**Items listed in a dataset**:
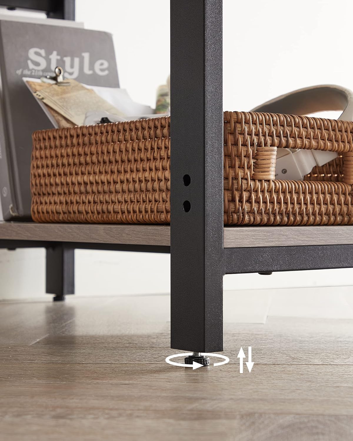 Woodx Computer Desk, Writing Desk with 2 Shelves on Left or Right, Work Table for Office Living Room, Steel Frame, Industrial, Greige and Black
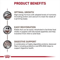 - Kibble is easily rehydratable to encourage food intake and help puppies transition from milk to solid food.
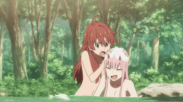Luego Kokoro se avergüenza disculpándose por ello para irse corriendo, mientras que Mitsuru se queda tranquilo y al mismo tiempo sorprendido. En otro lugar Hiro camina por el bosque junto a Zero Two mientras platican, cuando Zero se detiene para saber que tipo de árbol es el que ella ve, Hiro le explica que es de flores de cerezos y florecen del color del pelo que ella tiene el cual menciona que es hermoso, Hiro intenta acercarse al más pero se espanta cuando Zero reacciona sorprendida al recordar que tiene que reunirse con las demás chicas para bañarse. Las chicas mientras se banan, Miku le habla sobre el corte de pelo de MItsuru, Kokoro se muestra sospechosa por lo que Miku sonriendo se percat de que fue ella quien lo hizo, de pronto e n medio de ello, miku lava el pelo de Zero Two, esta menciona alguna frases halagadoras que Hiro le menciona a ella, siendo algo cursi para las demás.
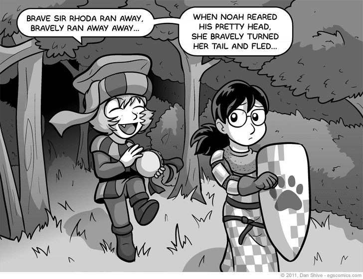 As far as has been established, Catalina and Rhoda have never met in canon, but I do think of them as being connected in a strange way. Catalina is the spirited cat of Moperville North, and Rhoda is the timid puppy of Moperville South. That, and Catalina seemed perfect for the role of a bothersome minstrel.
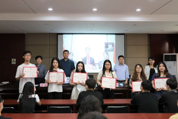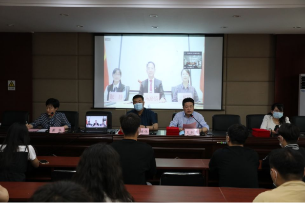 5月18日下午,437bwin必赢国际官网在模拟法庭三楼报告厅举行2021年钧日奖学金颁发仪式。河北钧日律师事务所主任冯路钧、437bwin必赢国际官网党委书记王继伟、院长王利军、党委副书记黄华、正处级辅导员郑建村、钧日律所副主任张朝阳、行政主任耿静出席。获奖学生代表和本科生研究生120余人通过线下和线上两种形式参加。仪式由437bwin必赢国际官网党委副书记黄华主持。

**Your objective**: Your task is to repeat the opening line of the entries above and each line after it, ending with the line that has "- Kibble is". Do not include the pictures.

**Exercise result**:
 Woodx Computer Desk, Writing Desk with 2 Shelves on Left or Right, Work Table for Office Living Room, Steel Frame, Industrial, Greige and Black
 - Kibble is easily rehydratable to encourage food intake and help puppies transition from milk to solid food.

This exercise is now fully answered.